Why talking about your childhood still matters
It is one of the most common assumptions about therapy — that a great deal of time will be spent talking about the past. But why? And does it actually help?
Many people arrive at therapy with a quietly held question: does any of this really require going back? Life is full, and the past is the past. What happened, happened. Most people have done their best to move on.
It is a reasonable thing to wonder. And it deserves consideration — because talking about childhood in therapy is not about revisiting pain for its own sake. It is about understanding something that is still very much alive in the present.
The past doesn’t stay in the past
One of the central ideas in psychodynamic therapy is that early experiences — particularly the relationships a person had as a child — leave a lasting imprint. Not as memories that are consciously recalled, but as patterns: ways of relating to others, ways of managing feelings, ways of seeing oneself and the world.
Sometimes these patterns form early, often before a child has the words to describe what they are experiencing. A child who learnt that expressing needs led to rejection may grow into an adult who finds it very difficult to ask for help. A child who felt they had to be perfect to earn love may become someone who is never quite satisfied with themselves, no matter what they achieve.
The past is not carried as a story one tells. It is carried in the way a person moves through life — in what they reach for, what they avoid, and what they find impossible to change.
This is not about blame. Parents do their best with what they have. Circumstances shape families in ways no one chooses. But understanding the emotional environment a person grew up in can help make sense of things that otherwise seem puzzling or frustrating about themselves.
Why insight alone isn’t always enough
There is often an existing sense of where certain patterns come from. Many people have a good deal of self-awareness. And yet, knowing something intellectually and being free of it are different things.
This is one of the reasons that deciding to simply behave differently — to be less anxious, less avoidant, less self-critical — rarely works for long. The patterns that formed in childhood were not formed through thinking. They were formed through experience. And they tend to shift most meaningfully through experience too: through the lived experience of a therapeutic relationship in which something different becomes possible.
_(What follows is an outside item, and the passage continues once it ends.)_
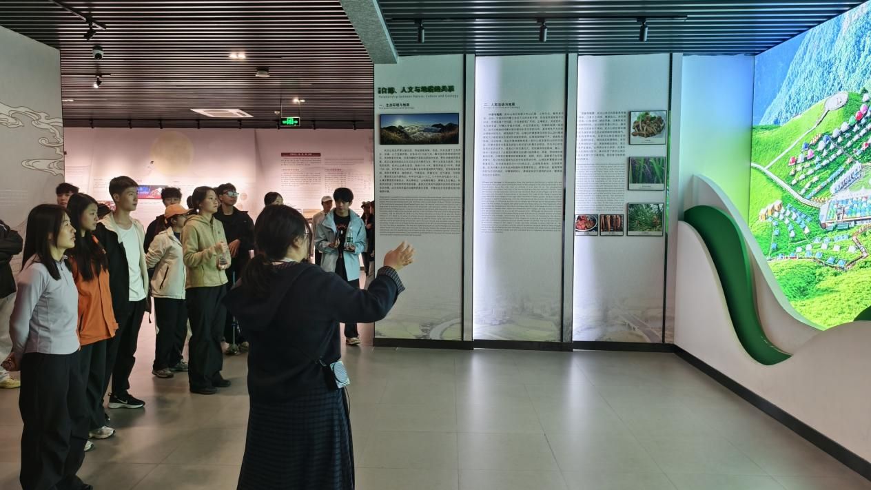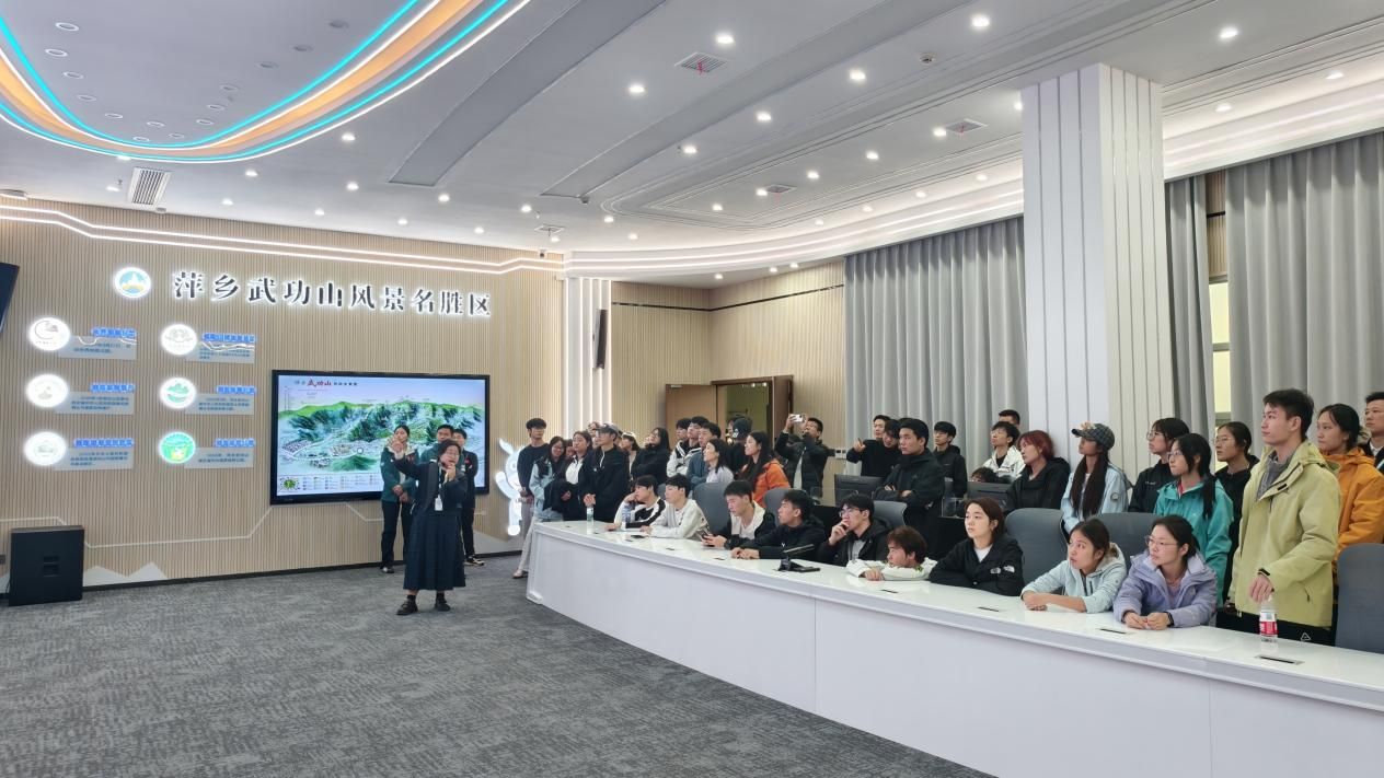 徒步启程前,学子们走进武功山地质公园博物馆。在讲解员的引导下,大家系统了解武功山地貌演化、生态资源特征,深入学习景区旅游产业布局——从核心资源定位、品牌营销策略,到区域信息管理平台建设、户外服务保障体系,全方位解码武功山成为“户外热门地”的底层逻辑,为后续徒步实践筑牢理论基础。

What this looks like in therapy
Talking about childhood in psychodynamic psychotherapy is rarely a matter of narrating a life story from the beginning. It tends to emerge more organically, through what arises in the present, through feelings that surface in the room, through connections that gradually become visible between then and now.
Sometimes a passing comment about a parent, or a memory that surfaces unexpectedly, opens something important. Sometimes the way a person relates to their therapist reflects something about earlier relationships and that, too, becomes part of the work.
The aim is never to keep anyone living in the past. It is to make meaning of it well enough that it no longer has as strong of a grip in the present.
A note for those who had difficult childhoods
If the early years were particularly painful, the idea of returning to them can feel daunting — or even unnecessary, especially for those who have worked hard to put distance between themselves and that time. This is something that would always be approached with care and at a pace that feels manageable. No one is asked to go further than they are ready to go.
And often, those who have worked hardest to leave the past behind are the ones who find great relief when they finally have a space to turn towards it safely, with support.